Provided records:
*** Block opens ***

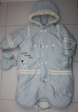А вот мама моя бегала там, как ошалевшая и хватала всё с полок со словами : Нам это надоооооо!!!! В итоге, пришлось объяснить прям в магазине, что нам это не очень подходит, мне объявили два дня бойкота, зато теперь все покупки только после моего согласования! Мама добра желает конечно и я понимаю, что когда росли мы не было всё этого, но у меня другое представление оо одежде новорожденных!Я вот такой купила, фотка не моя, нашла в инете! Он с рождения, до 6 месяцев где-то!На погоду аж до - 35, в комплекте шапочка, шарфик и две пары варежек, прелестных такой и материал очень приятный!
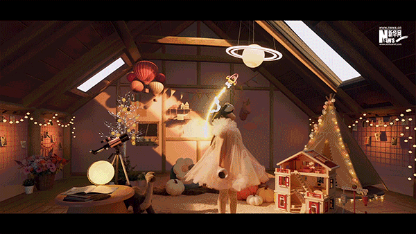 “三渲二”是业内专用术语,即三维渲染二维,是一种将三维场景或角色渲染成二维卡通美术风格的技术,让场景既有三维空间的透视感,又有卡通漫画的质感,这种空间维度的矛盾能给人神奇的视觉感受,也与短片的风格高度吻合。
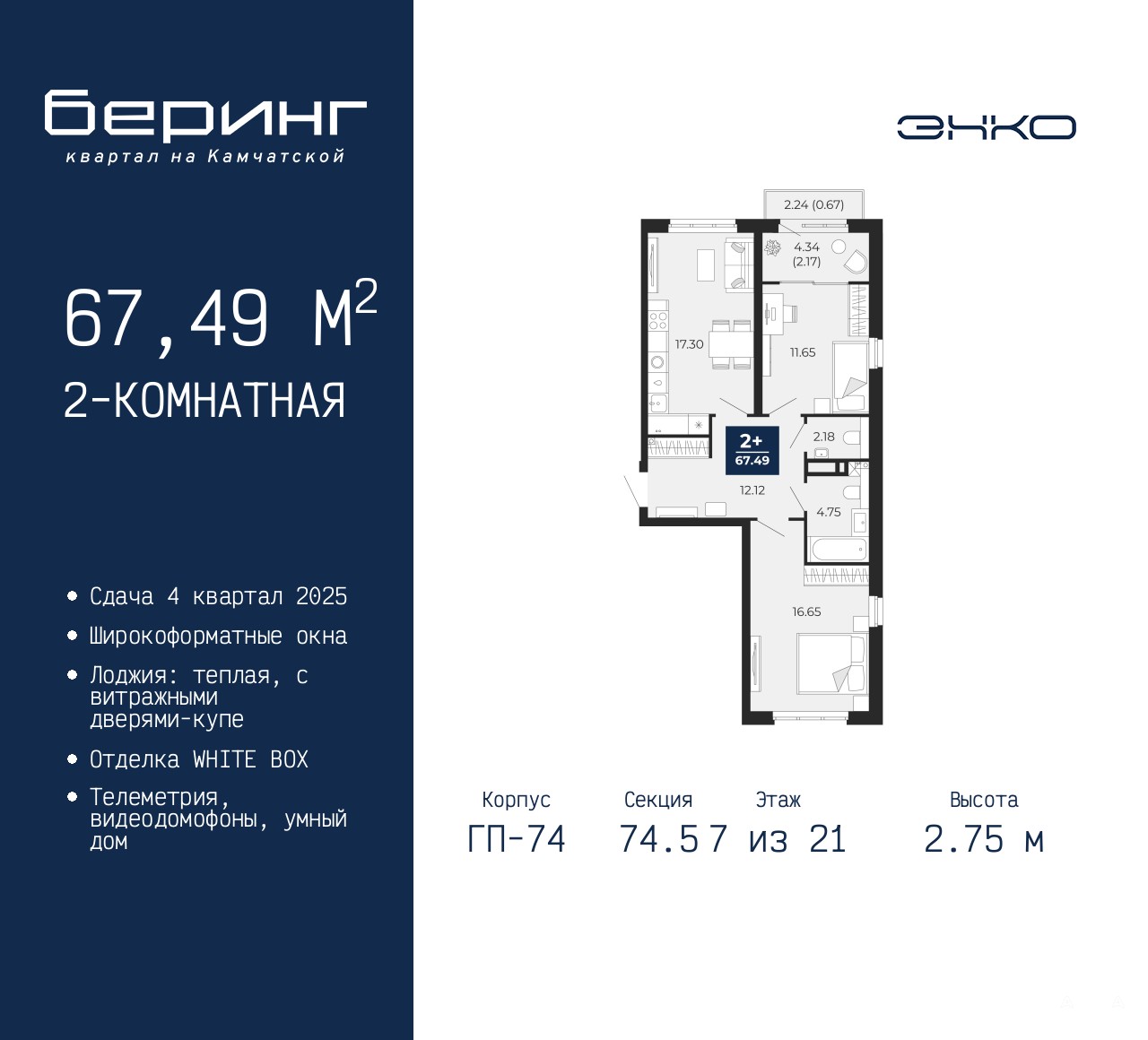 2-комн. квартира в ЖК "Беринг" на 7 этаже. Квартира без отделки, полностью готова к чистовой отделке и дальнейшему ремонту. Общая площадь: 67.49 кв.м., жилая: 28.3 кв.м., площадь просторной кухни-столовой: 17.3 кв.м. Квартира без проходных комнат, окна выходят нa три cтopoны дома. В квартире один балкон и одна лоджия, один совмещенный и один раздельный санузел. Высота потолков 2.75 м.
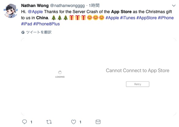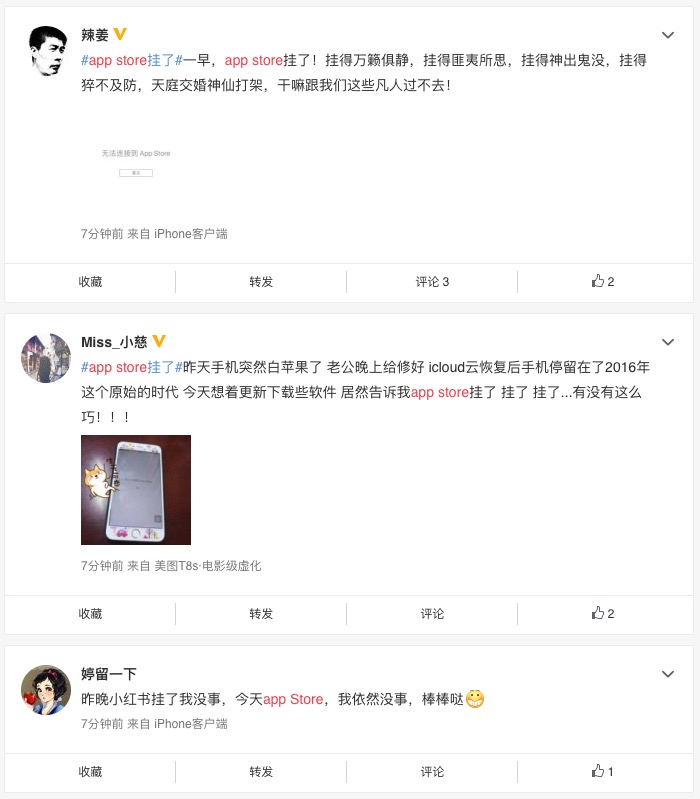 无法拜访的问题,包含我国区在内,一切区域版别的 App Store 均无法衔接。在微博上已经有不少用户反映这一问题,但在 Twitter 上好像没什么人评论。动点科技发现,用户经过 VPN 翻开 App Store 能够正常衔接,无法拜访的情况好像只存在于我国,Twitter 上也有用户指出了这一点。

*** Block closes ***
*** Block opens ***

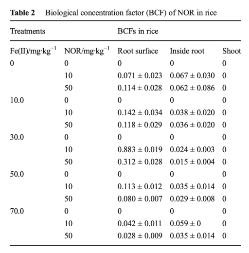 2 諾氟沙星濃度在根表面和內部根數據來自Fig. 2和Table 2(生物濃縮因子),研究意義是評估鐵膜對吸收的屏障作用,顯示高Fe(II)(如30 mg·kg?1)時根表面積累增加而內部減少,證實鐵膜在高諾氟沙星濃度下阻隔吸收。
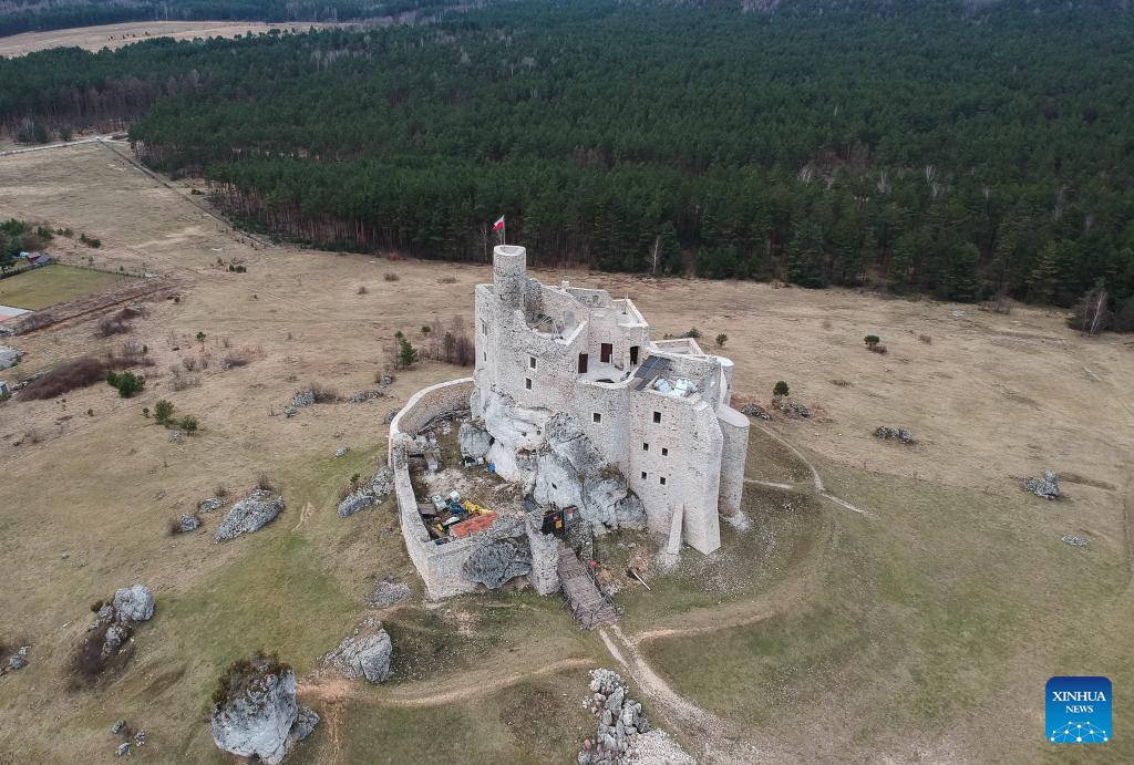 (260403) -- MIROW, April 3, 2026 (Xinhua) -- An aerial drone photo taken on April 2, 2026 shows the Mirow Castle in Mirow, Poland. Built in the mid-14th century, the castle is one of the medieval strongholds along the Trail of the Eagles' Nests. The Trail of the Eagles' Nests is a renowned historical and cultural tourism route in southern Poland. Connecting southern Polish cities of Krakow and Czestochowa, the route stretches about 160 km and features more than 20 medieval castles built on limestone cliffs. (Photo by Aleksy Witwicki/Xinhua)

*** Block closes ***
*** Block opens ***

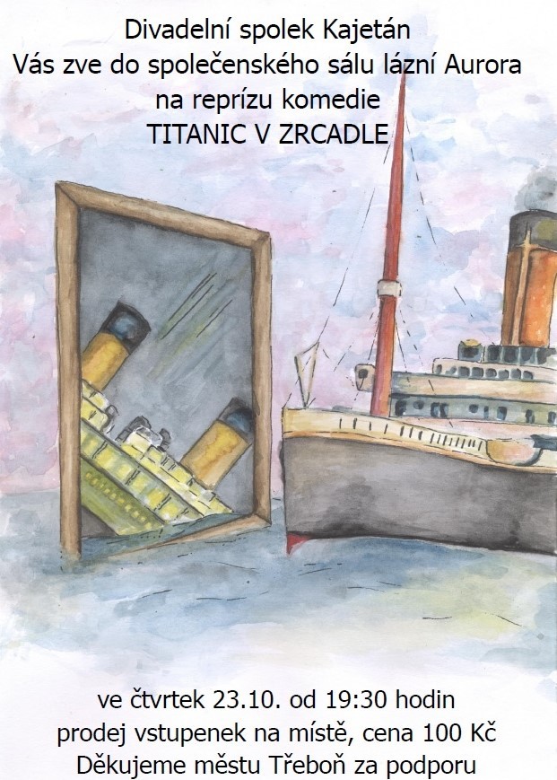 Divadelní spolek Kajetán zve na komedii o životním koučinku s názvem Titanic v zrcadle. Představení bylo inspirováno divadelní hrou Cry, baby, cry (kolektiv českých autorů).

*** Block closes ***

In the records above, find the line containing "А вот мама моя" and the line containing "2-комн. квартира в", then give both of them again word for word along with every line between. Omit any pictures.

А вот мама моя бегала там, как ошалевшая и хватала всё с полок со словами : Нам это надоооооо!!!! В итоге, пришлось объяснить прям в магазине, что нам это не очень подходит, мне объявили два дня бойкота, зато теперь все покупки только после моего согласования! Мама добра желает конечно и я понимаю, что когда росли мы не было всё этого, но у меня другое представление оо одежде новорожденных!Я вот такой купила, фотка не моя, нашла в инете! Он с рождения, до 6 месяцев где-то!На погоду аж до - 35, в комплекте шапочка, шарфик и две пары варежек, прелестных такой и материал очень приятный!
 “三渲二”是业内专用术语,即三维渲染二维,是一种将三维场景或角色渲染成二维卡通美术风格的技术,让场景既有三维空间的透视感,又有卡通漫画的质感,这种空间维度的矛盾能给人神奇的视觉感受,也与短片的风格高度吻合。
 2-комн. квартира в ЖК "Беринг" на 7 этаже. Квартира без отделки, полностью готова к чистовой отделке и дальнейшему ремонту. Общая площадь: 67.49 кв.м., жилая: 28.3 кв.м., площадь просторной кухни-столовой: 17.3 кв.м. Квартира без проходных комнат, окна выходят нa три cтopoны дома. В квартире один балкон и одна лоджия, один совмещенный и один раздельный санузел. Высота потолков 2.75 м.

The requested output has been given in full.